1,4-Dideoxy-1,4-imino-D-arabinitol hydrochloride (DAB) (10μM) and DAB+L-lactate (10mM) were dissolved directly in the extracellular solution. (+)-5-methyl-10,11-dihydroxy-5H-dibenzo(a,d)cyclohepten-5,10-imine (MK801) (1mM), Na-oxamate (6mM), Na-oxamate (6mM) + L-pyruvate (10mM), Na-oxamate (6mM) + K2NADH (4mM), D-Mannoheptulose (10μM), D-Mannoheptulose (10μM) + Na-oxamate (6mM), were added to intracellular recording solution. Na-oxamate (50mM) was dissolved directly in the saline solution for in vivo experiments. All chemicals were purchased from Sigma (Saint-Quentin Fallavier, France) except for MK801 and AR-C155858 (Tocris, Ellisville, MO, USA).
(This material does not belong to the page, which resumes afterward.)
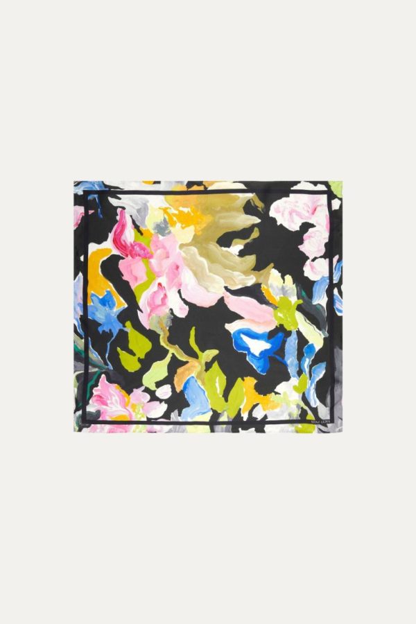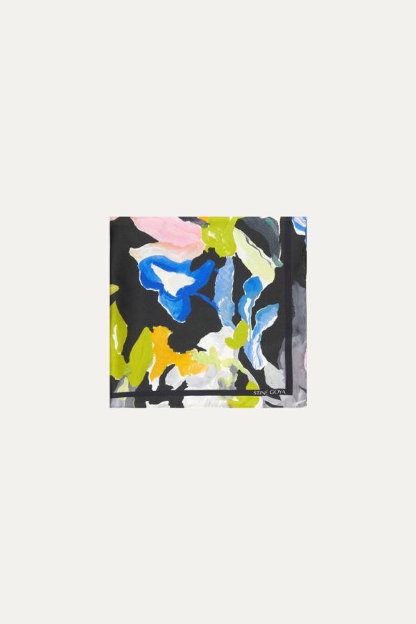 Bright square silk scarf with floral pattern, border and STINE GOYA logo detail. Made of 100% Silk. Wear the scarf around your neck, in your hair or on your bag as a colourful accessory.

For patch-clamp experiments, drugs were applied intracellularly (noted: i-drugs), ensuring specific intracellular effect in the sole recorded neuron without affecting the neighboring neurons or astrocytes; in few cases (Fig. 1E), drugs were applied extracellularly (noted: edrugs).

Cannulas implants and in vivo microinjections

Under anesthesia with pentobarbital sodium (50 mg/kg i.p.), rats (250–300 g) were placed in a stereotactic apparatus, the cranium was exposed and two holes were drilled to aseptically implant double guide cannulas (26GA, Bilaney, Germany) into dorsal hippocampi bilaterally (stereotaxic coordinates: anteroposterior =-4.0mm from bregma; mediolateral =−2.5mm from midline). The guide cannulas were secured with dental cement. The two internal cannulas (33GA, Bilaney, Germany) were then inserted within the guide cannulas (dorsoventral =-2.2mm from bone surface). After surgery, 1mg/g i.p. of analgesic agent (Metacam, 1.5mg/ml solution) was administered for 3 days. Rats were allowed to recover from surgery for 7 days before behavioral test beginning. Location of the cannulas are illustrated in Figure 4H.

Rats were injected bilaterally through the stainless-steel cannulas 45 min before the familiarization phase of behavioral testing (novelty-object recognition or object-in-place). Cannulas were briefly connected to 10 μL Hamilton syringes by means of polyethylene tubes. Rats were injected with either saline (0.8 mM sterile NaCl) or with Na-oxamate (50 mM) diluted in saline; 1-2 μl per hippocampus using automatic infusion pump at a speed of 0.2 μl/min.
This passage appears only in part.